Açıklamanın ardından 200 gündür açlık grevinde olan Leyla Güven ile diğer milletvekilleri Dersim Dağ, Tayip Temel ve Murat Sarısaç’ın hastaneye kaldırılması bekleniyor.
ÖCALAN ÇAĞRI YAPTI
Avukatları aracılığıyla bugün açıklama yapan PKK lideri Abdullah Öcalan, açlık grevleri ve ölüm oruçlarının amacına ulaştığını belirterek, eylemin sona erdirilmesi çağrısı yaptı. Bu çağrının ardından Diyarbakır HDP İl Başkanlığı’nda yapılan açıklamayla, eylemin sona erdirildiği duyuruldu.

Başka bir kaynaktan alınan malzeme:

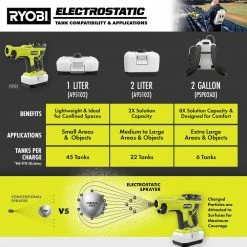 - RYOBI Electrostatic Technology for Maximum Coverage
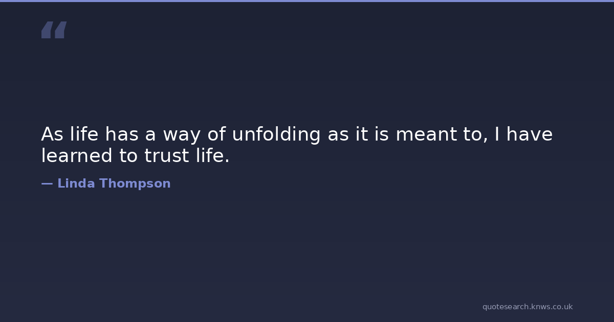 As life has a way of unfolding as it is meant to, I have learned to trust life. Life Way I Have Learned Download Image Share on X Share on Facebook Copy Link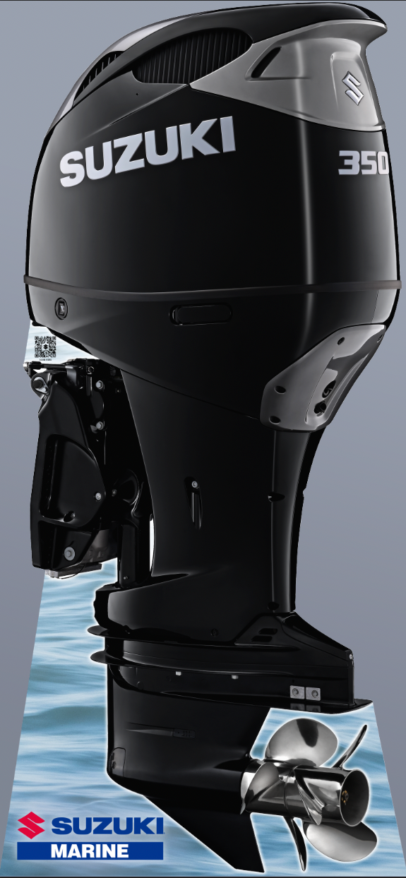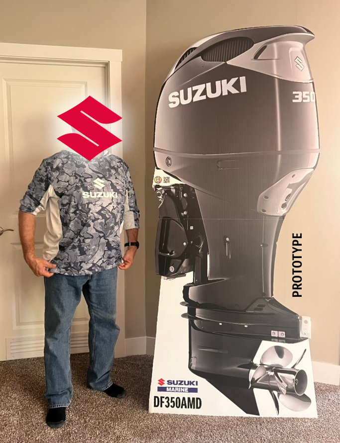 Our largest and most impressive lightweight engine displays are designed for easy folding and transport to any event or weekend boat show. While nothing beats showing a real Suzuki Outboard motor to customers, these high-resolution, UV-printed polystyrene cutouts are the absolute next best thing. Weighing about 9 lbs and standing 6 to 7 feet tall, they look remarkably lifelike and set up quickly with a folding easel back for stability. Lightweight and simple to handle, they save you from hauling heavy engines while still making a strong impact. They're great and lightweight, but be aware, we'd limit using in high-wind events! Engine standup includes a QR code linking to up-to-date engine details on SuzukiMarine.com.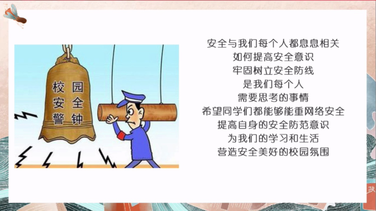 针对近日学生受骗、违法案件频发的情况,徐警官向同学们敲响了警钟,违法犯罪就在我们身边,安全防范意识尤为重要。吸毒、卖淫、裸聊等令人闻之色变的犯罪真真切切的发生在我们身边。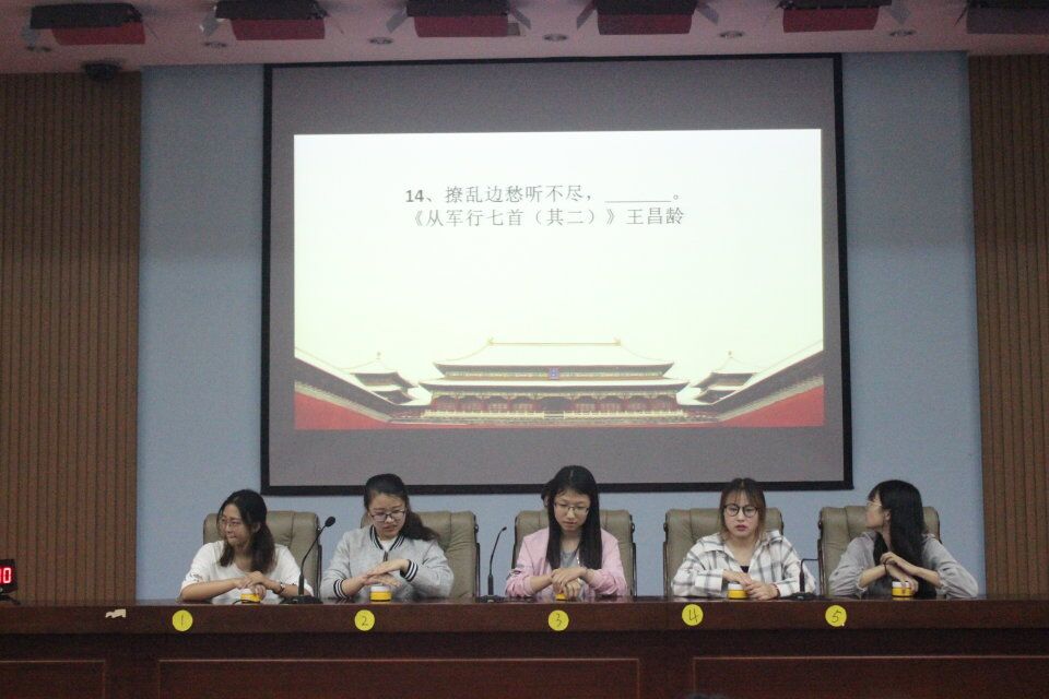 本次决赛分为“巧夺词宫”、“高楼摘星”和飞花令三个环节,大家热情洋溢、信心满满,现场气氛紧张而活跃。“巧夺词工”环节,参赛选手凭借对各类诗词的掌握,回答一气呵成,令人赞不绝口。“高楼摘星”为抢答环节,是手速的较量,更是诗词间火花的碰撞,中文1602班一连抢得四题让现场惊呼声不断,将气氛推向高潮;“飞花令”则让选手们绞尽脑汁,金句不断,最基础的“床前明月光”反而获得优势。选手们精彩的答题赢得在场评委及观众的阵阵掌声与赞许,共有12名同学分获一、二、三等奖。游戏环节从观众席随意抽选四名同学进行“飞花令”比拼,让同学们亲身感受传统文化的魅力。隋凤歌和孙怡馨带来的歌曲《但愿人长久》和《长安忆》也赢得阵阵掌声。

Mahpuslar adına yapılan açıklamada da, Öcalan’ın çağrısı doğrultusunda, “Yeterli yoğunluk ve iradeyle kendisine eşlik edeceğimizi belirtiyoruz” denildi.
LEYLA GÜVEN: AÇLIK GREVİ BİTTİ, TECRİDE KARŞI MÜCADELE SÜRÜYOR
Mahpus yakınları açıklamanın yapılacağı Diyarbakır HDP İl binasına sloganlar eşliğinde geldi.
DTK Eşbaşkanı Leyla Güven, Kürtçe ve Türkçe okunan açıklamasında, açlık grevini sona erdirdiğini, ancak tecride karşı mücadelesinin sürdüğünü ilan etti. Güven’in açıklaması şöyle:
TECRİT İNSAN OLMANIN UTANCINI YAŞATIYOR: Kürdistan’ın da içinde bulunduğu Ortadoğu coğrafyası, ateş topu misali tüm yakıcılığı ile tam bir savaş alanıdır. Bu savaş alanında Kürtlere karşı siyasal, kültürel inkar ve teslimiyet politikaları dayatılarak, özgür yaşam engelleniyor. Bu engellerin aşılması için Kürt Halk Önderi Sayın Abdullah Öcalan’ın demokratik ulus perspektifi artık kabul gören bir gerçektir. Dünyayı sarsmaya devam eden Rojava Devrimi deneyiminde de görüldüğü üzere, Demokratik Ortadoğu tezi bu coğrafyadaki bütün halkları kapsamaktadır. Kürt sorunun Ortadoğu genelinde demokratik çözümü için projesi olan en önemli aktör Sayın Öcalan’dır. Bugün ülkede Sayın Öcalan şahsında tüm topluma yayılan tecrit, her şeyden önce insan olmanın utancını yaşatıyor. Buradan hareketle diyebilirim ki, bizim tek şansımız devrimci oluştadır. Çünkü bir tek devrimcilik bu utancı önleyebilir ve hoş görülemez olana, gaspa karşı durabilir.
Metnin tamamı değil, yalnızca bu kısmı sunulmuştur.